Well, Idk if we've switched roles I believe you will come back to things for I have heard testimonies so far and many people come back to Christ they just choose to turn their backs for the time being for some odd reason. You're right though I did have Kris here trying to get me to believe in these things we talk about now, but I kept telling him to shut up and I don't want to here it because it's stupid. Me and Kris didn't start hanging out again until about a month ago when one sunday I went and hung out with him after not talking for a while and we had a debate and I denied God still, but then Monday morning I woke up in the middle of the night to go pee went to go back to sleep and just kept tossing and turning and tossing and turning, and all of a sudden I was just like wow, God does love me, and that was the first time in a while that I even felt what love actually feels like, and it was the greatest feeling, and it has changed my life around.

As far as regrets, I have no regrets for anything I have done it's in the past what can I do now go back and change it. Not at all. I never argued on the fact that what I was doing was right I took full responsibility for the things I was doing to myself and to others, although at times I felt I was right, or just didn't care for that matter. Now why should you say your sorry and let other people know you've changed and not expect them to forget your past? I mean if you've "changed" the past shouldn't matter.

A common thing people do like to say is that we use it as a way of feeling better, safer and less afraid of the inevitable. I have never been scared too much of death I mean a little bit I guess because I didn't see what the point was in life, but don't you think that if there was a God and there was a Devil he would want you to think exactly what you're thinking right now that we're just using this as a way to make ourselves feel better and that there is nothing so you don't need to believe in God, because he wants you to burn in hell with him. Did you know that if you kill yourself you're taking away the very life God gave you, taking it for granted.
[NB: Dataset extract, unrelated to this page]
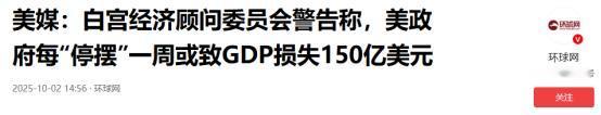 美国白宫宣布了 2025年10月7日,美国白宫国家经济委员会主任凯文·哈西特站在CNN镜头前,抛出了一组扎眼的数据。 他说,政府每停摆一周,美国GDP就蒸发150亿美元,换算下来,等于每周从每个美国人钱包里硬生生抠走45美元。 这话刚落地就炸了锅,全球都盯着美国——这哪只是经济受创那么简单?分明是美国政治体制里的老毛病,这下全暴露了。 这场停摆早有征兆。9月30日晚上,国会参议院没能通过临时拨款法案,联邦政府在午夜准时“关门”。这是美国近七年来首次出现这种情况,也是特朗普任期内遭遇的第二次停摆危机。 两党掐得水火不容的核心,还是钱的问题。国会两党在联邦拨款的核心条款上卡了壳,具体分歧没明说,但谁都不肯先退一步。 共和党握着众议院的话语权,民主党在参议院占着主动,两边在投票席上死磕,最后遭殃的还是整个国家。 这种“为反对而反对”的戏码,早成了美国政治的通病。宪法给了国会拨款权,却没说谈不拢该咋办。 两党正好钻了这个空子,把预算案当成互殴的武器。就像2018年底那次,为了特朗普要的边境墙拨款,两党僵了35天,创下史上最长停摆纪录。 这次才刚停摆几天,就有人算出了150亿的周损失,再拖下去,后果更不敢想。 哈西特报的150亿可不是吓唬人。白宫内部报告藏着更细的账:停摆每周会拉低0.1个百分点的GDP,要是拖满一个月,就得多出来4.3万人失业,消费者花的钱要少掉300亿美元。 高盛还补了一刀,说算上私营企业的损失,每周经济增速可能得降0.15个百分点。这些数字背后,是一长串被打乱的生活和生意。 最直接的冲击先砸在联邦雇员身上。约80万联邦雇员被迫在无薪工作和强制休假之间选边站。国土安全部、农业部这些关键部门的人,要么饿着肚子上班,要么在家坐立难安。 他们手里的钱少了,自然不敢随便花,零售业、餐馆最先感觉到寒意。国家公园更惨,大门一锁,每天100万美元门票收入泡汤,周边商户一天得亏7700万美元。 企业这边更难熬。证券交易委员会、商品期货交易委员会九成以上的人休了假,IPO审批全停了,上市公司的监管成了真空。 港口的麻烦更大,海关技术人员不够,货物通关慢得像蜗牛。2018年停摆时,洛杉矶港的货物停留时间硬生生多了15%到20%,现在这场景又重演了。 食品、酒类这些易腐货物堆在码头,贸易商看着货烂掉,只能骂街。 经济数据还断了供。劳工统计局不发就业报告和CPI数据了,美联储手里没了温度计,根本摸不准经济是冷是热。市场一慌,避险情绪就冒头。 黄金价格蹭蹭涨,道琼斯指数上蹿下跳,波动幅度比平时大了一倍。投资者攥着钱不敢动,生怕踩中看不见的坑。 更要命的是长期伤。国会预算办公室算过,2018年那35天停摆总共亏了110亿美元,其中30亿永远回不来了。这次要是拖得更久,科研项目得中断,关键岗位的人要走,美国经济的底子就得被掏空。 麻烦还飘出了美国国界。美国海关一慢,全球贸易都跟着卡壳。欧洲企业往美国运的货,卡在港口里没法卸货,德国工业企业的供应链断了好几条,老板们急得天天给国会打电话。 金融市场的震动更直接,英国安本投资公司早就预警,要是停摆续上八周,欧盟GDP得少160亿欧元。 世界银行看得更透,说这停摆暴露的是美国的制度硬伤。大家对美元霸权的信心,对美国主导的经济治理体系的信任,都在一点点流失。 新兴市场趁机加速去美元化,东盟国家的本币结算比例悄悄往上走,谁都不想再被美国的政治闹剧牵着鼻子走。 政治场上的拉扯还在继续。特朗普在社交媒体上骂民主党“故意找茬”,民主党则回怼共和党“拿国家利益当赌注”。参议院少数党领袖舒默放了狠话,说拨款条款不解决,想让民主党松口没门。 两边开了好几次闭门会,每次都是不欢而散。2026年中期选举不远了,两党都想把停摆当成拉选票的筹码,共和党要装“财政管家”,民主党要扮“民生卫士”,谁都不肯先低头。 普通美国人早就忍够了。华盛顿街头已经出现了抗议队伍,联邦雇员举着“要工资要工作”的牌子,路人纷纷驻足鼓掌。 《纽约时报》的民调显示,68%的人都盼着两党坐下来谈,但没人觉得这事能轻易解决。有人提议搞预算自动延期机制,可改法律得两党同意,现在根本不可能。 还有人说改宪法,那得38个州点头,更是天方夜谭。哈西特报出的150亿,像根刺扎在美国人心里。 这钱不是数字,是雇员餐桌上少的肉,是商户账本上的红笔,是全球供应链上的堵点。当国家机器的停摆成了政党博弈的工具,当每周150亿的损失被当成“政治成本”,美国的制度困局已经摆上了台面。 这场停摆迟早会结束,但它留下的伤口,恐怕要很久才能愈合。而接下来的日子,美国人还得攥紧钱包,盯着国会山那伙人的脸色过日子。

That's what I wanted to do I thought it would be great, but deep down inside I was like just live life to the fullest man because eventually you'll die and you'll find out what's going to happen to you, and I believe that's the devil speaking inside us all when he is telling us there is no after life and everyone else is just using it as a means of a way to get through life he is winning the fight of Good and evil whether we feel we are doing the right things or not. By him getting you to not believe in God, you are commiting the ultimate crime. I mean he doesn't want to burn in a lake of fire by himself he of course wants to take people down with him.

Another thing if people have their beliefs and they are so sure of it why are they not so strongly letting people know what's goin on, and why is it pissing so many people off to state an opinion. We back up the opinion when people come back at us hatefully and agressivly.

Lastly now, basicly everyone else is against what we are saying and teaching so I don't believe anything has to be turned against the Christians it already is. What you stated about someone being a good person is good and all there's nothing wrong with that and that's not just what we believe we believe that you need to believe that jesus died on the cross so that anytime me, you, kris, anyone in the world messes up and sins against God we can be forgiven. That is our way to salvation to heaven. Everyone else who isn't saved will be judged before God. Have a Good night.